Key Laboratory of Chemical Biology and Molecular Engineering of Ministry of Education, Institute of Biotechnology, Shanxi Universitygrid.163032.5, Taiyuan, Shanxi Province, China.
Institute of Applied Chemistry, Shanxi Universitygrid.163032.5, Taiyuan, Shanxi Province, China.
Microbiol Spectr. 2022 Apr 27;10(2):e0165621. doi: 10.1128/spectrum.01656-21. Epub 2022 Mar 14.

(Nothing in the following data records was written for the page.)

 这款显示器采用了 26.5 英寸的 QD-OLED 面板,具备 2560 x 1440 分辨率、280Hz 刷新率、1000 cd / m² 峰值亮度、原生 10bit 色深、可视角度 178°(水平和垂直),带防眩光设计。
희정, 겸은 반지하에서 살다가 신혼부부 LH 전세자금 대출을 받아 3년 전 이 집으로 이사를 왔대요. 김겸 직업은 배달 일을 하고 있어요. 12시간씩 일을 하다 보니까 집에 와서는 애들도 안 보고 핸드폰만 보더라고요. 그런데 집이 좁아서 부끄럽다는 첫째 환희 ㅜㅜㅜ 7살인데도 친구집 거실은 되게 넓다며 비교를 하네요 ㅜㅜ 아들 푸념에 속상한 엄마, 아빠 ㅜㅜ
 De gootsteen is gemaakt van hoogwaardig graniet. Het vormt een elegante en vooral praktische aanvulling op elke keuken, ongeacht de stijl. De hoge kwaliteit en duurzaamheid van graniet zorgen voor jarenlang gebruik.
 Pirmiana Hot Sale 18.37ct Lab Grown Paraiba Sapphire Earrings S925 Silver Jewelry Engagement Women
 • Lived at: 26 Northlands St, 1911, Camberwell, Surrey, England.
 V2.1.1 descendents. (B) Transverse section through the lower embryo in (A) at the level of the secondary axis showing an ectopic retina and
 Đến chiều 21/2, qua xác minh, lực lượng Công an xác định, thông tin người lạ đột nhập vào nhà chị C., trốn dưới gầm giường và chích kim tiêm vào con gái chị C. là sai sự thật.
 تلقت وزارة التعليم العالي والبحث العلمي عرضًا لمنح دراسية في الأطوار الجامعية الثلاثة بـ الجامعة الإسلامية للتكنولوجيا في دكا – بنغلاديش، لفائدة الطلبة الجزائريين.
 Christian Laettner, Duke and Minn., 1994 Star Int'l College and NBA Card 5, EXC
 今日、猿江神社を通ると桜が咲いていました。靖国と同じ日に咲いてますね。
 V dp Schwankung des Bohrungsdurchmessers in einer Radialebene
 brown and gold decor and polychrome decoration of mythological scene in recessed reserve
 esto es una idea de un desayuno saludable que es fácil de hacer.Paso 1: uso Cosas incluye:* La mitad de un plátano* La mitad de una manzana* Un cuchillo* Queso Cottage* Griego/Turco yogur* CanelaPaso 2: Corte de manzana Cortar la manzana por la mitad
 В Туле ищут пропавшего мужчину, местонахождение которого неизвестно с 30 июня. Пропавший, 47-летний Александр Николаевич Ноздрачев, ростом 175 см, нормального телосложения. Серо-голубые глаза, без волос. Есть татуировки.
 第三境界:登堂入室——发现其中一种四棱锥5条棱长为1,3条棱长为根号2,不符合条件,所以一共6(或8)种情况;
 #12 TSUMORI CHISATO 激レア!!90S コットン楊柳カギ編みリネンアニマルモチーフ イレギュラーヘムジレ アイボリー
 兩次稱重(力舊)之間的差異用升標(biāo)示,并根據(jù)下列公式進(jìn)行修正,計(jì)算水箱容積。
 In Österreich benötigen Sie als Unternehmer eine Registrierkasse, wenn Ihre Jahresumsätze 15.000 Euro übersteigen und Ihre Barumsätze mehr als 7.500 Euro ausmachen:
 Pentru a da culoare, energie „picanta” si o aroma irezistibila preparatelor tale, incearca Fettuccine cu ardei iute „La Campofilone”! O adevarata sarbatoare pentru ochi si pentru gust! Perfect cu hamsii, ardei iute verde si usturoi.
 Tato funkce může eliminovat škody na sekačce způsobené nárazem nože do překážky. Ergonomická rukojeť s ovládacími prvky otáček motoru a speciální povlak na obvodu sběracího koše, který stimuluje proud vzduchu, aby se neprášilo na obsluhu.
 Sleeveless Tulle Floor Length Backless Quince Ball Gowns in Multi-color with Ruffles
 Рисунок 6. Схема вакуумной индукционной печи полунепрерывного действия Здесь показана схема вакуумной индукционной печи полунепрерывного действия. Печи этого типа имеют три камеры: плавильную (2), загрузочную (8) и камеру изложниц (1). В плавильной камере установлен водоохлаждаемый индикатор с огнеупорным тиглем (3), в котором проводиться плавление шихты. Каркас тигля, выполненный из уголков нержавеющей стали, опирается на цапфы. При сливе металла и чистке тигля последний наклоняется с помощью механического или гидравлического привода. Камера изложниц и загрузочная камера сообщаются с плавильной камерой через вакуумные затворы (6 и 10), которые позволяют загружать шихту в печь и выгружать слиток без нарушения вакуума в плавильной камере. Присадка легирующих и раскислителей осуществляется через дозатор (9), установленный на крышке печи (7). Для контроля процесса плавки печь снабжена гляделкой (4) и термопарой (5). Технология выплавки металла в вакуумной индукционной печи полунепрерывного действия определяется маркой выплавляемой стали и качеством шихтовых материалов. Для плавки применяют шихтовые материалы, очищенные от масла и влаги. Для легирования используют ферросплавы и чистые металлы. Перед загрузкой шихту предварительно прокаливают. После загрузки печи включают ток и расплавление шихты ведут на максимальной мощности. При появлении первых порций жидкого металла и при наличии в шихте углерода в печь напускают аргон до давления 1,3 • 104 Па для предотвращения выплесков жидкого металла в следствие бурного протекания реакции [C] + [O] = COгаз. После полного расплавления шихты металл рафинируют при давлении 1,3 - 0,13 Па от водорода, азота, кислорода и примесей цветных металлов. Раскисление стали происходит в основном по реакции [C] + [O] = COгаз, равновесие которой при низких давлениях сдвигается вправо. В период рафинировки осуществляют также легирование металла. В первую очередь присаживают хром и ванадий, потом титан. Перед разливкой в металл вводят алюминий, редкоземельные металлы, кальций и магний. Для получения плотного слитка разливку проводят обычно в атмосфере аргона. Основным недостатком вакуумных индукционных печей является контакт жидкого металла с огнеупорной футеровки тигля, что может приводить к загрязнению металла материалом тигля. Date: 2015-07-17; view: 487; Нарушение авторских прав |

The extracellular substrate-binding proteins (SBPs) of ATP-binding cassette (ABC) importers tend to be expressed in excess relative to their cognate translocators, but how the stoichiometry of ABC transporters is controlled remains unclear. Here, we elucidated a mechanism contributing to differential gene expression in operons encoding ABC importers by employing cellulolytic Clostridia species, specifically Ruminiclostridium cellulolyticum. We found that there were usually stem-loop structures downstream of SBP genes, which could prematurely terminate the transcription of ABC importers and were putative internal intrinsic terminators, resulting in high transcript levels of upstream SBP genes and low transcript levels of downstream cognate translocator genes. This was determined by their termination efficiencies. Internal terminators had a lower U content in their 3' U-rich tracts and longer GC-rich stems, which distinguishes them from canonical terminators and potentially endows them with special termination efficiencies. The pairing of U-rich tracts and the formation of unpaired regions in these internal terminators contributed to their folding energies, affecting the stability of their upstream SBP transcripts. Our findings revealed a strategy of internal transcriptional terminators controlling stoichiometry of their flanking transcripts. Operons encoding protein complexes or metabolic pathways usually require fine-tuned gene expression ratios to create and maintain the appropriate stoichiometry for biological functions. In this study, a strategy for controlling differential expression of genes in an operon was proposed by utilizing ABC importers from Ruminiclostridium cellulolyticum. We found that a stem-loop structure is introduced into the intergenic regions of operons encoding ABC importers as the putative internal terminator, which results in the premature termination of transcription. Consequently, the stoichiometric ratio of genes flanking terminators is precisely determined by their termination efficiencies and folding energies at the transcriptional level. Thus, it can be utilized as a promising synthetic biology tool to control the differential expression of genes in an operon.
ABC 转运蛋白的细胞外基质结合蛋白 (SBPs) 相对于其同源转运蛋白往往表达过量,但 ABC 转运蛋白的化学计量如何控制仍不清楚。在这里,我们通过使用纤维素分解梭菌物种,特别是 Ruminiclostridium cellulolyticum,阐明了导致编码 ABC 进口器操纵子中差异基因表达的机制。我们发现 SBP 基因的下游通常存在茎环结构,这些结构可以使 ABC 进口器的转录提前终止,并且是潜在的内部内在终止子,导致上游 SBP 基因的转录物水平较高,而下游同源转运蛋白基因的转录物水平较低。这是通过它们的终止效率来确定的。内部终止子在其 3' U 丰富的片段中具有较低的 U 含量和较长的 GC 丰富的茎,这将它们与典型的终止子区分开来,并可能赋予它们特殊的终止效率。富含 U 的片段的配对以及这些内部终止子中未配对区域的形成有助于它们的折叠能量,从而影响它们上游 SBP 转录物的稳定性。我们的发现揭示了内部转录终止子控制其侧翼转录物化学计量的策略。编码蛋白质复合物或代谢途径的操纵子通常需要精细调节基因表达比,以产生和维持适当的化学计量比以实现生物学功能。在这项研究中,提出了一种通过利用 Ruminiclostridium cellulolyticum 中的 ABC 进口器来控制操纵子中基因差异表达的策略。我们发现,茎环结构被引入到编码 ABC 进口器的操纵子的基因间区域作为潜在的内部终止子,导致转录提前终止。因此,终止子侧翼基因的化学计量比在转录水平上通过其终止效率和折叠能量精确确定。因此,它可以用作一种有前途的合成生物学工具,用于控制操纵子中基因的差异表达。